*MATERIAL TO PROCESS*.
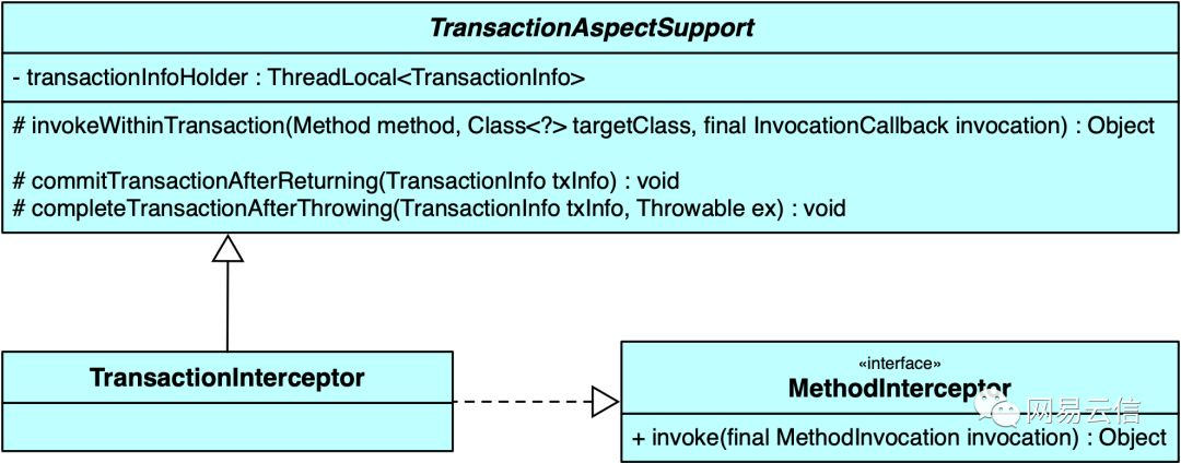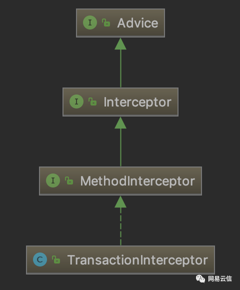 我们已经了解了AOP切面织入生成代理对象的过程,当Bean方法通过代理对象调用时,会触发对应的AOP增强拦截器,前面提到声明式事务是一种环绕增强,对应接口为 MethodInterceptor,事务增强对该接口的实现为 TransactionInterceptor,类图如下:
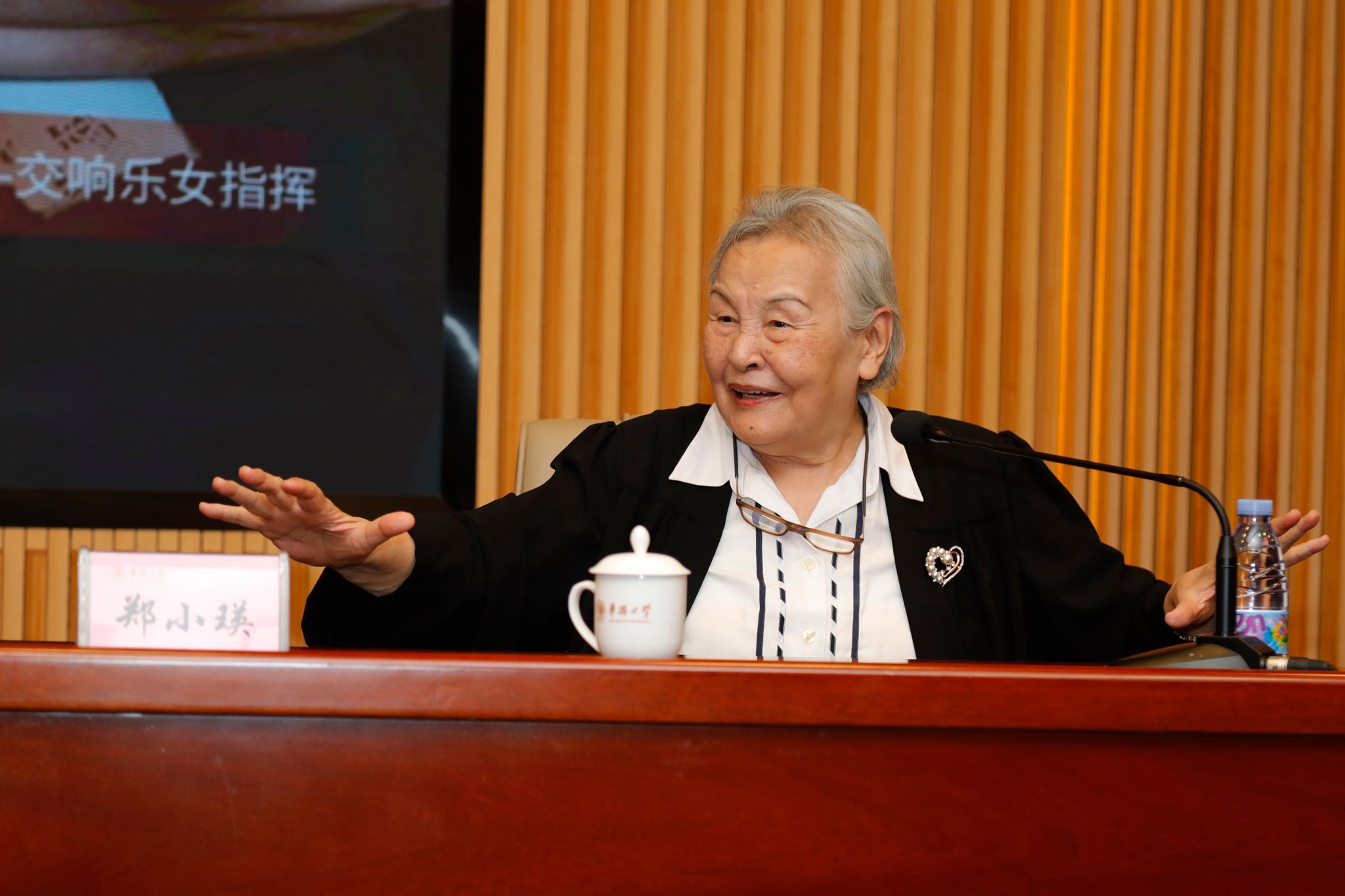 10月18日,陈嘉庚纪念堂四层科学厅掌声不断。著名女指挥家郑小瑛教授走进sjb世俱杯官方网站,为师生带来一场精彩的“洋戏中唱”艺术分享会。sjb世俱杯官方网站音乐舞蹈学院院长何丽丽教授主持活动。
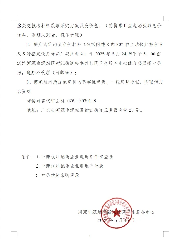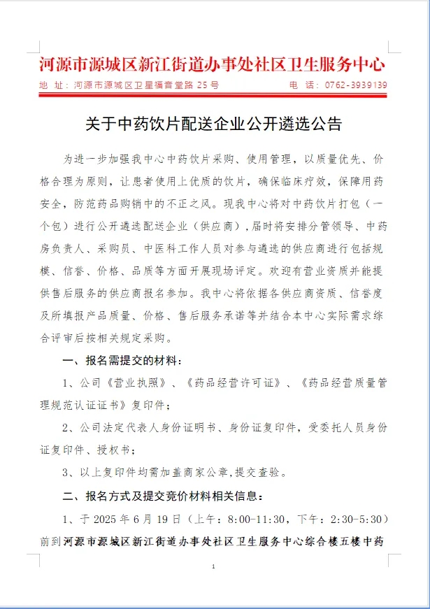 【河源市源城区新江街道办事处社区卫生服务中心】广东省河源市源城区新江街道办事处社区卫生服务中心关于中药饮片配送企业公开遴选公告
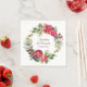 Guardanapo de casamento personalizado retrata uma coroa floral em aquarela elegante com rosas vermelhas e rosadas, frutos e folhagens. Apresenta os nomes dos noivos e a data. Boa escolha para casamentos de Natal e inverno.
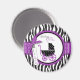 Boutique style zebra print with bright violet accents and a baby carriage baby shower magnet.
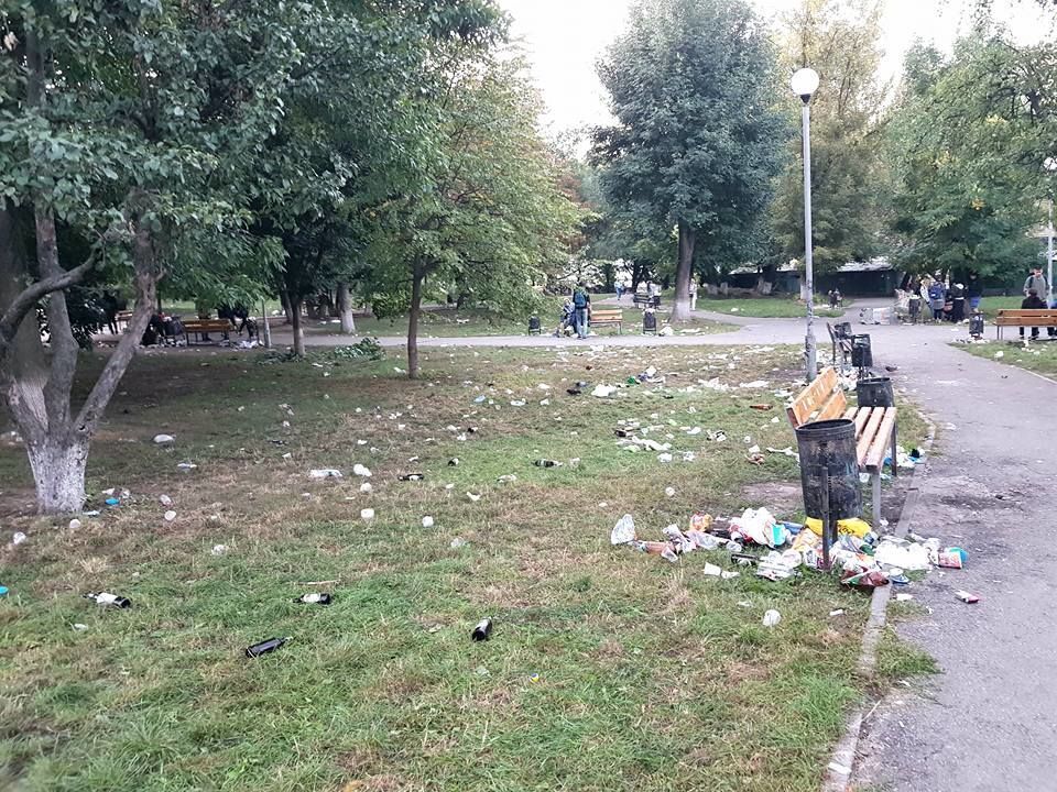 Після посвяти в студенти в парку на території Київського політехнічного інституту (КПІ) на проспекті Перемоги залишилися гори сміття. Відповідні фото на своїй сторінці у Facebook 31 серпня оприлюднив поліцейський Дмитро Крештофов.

---

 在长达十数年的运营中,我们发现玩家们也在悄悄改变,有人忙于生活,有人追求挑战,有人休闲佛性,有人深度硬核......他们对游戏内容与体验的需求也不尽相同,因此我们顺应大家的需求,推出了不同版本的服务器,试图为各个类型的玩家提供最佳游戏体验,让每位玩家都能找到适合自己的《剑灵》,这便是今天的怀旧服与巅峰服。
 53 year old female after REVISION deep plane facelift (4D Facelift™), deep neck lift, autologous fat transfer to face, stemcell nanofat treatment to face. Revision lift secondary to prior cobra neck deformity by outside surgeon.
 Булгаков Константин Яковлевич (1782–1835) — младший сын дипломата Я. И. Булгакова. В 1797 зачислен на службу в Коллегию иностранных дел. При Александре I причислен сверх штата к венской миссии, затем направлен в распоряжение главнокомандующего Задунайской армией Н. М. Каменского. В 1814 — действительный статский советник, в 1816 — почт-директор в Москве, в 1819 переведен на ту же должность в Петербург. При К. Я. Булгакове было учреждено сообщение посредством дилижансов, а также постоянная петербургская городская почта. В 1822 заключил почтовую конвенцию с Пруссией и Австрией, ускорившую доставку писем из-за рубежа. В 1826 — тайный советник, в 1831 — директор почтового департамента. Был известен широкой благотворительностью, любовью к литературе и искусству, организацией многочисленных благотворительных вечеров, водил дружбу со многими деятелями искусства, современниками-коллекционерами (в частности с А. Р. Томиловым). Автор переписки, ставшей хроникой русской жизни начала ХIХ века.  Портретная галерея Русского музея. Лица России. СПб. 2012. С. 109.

*WORK ORDER*. Your answer is the exact run of lines above from the one with "Boutique style zebra" through the one with "Після посвяти в", both ends included, minus any picture.

*ANSWER SPACE*.
 Boutique style zebra print with bright violet accents and a baby carriage baby shower magnet.
 Після посвяти в студенти в парку на території Київського політехнічного інституту (КПІ) на проспекті Перемоги залишилися гори сміття. Відповідні фото на своїй сторінці у Facebook 31 серпня оприлюднив поліцейський Дмитро Крештофов.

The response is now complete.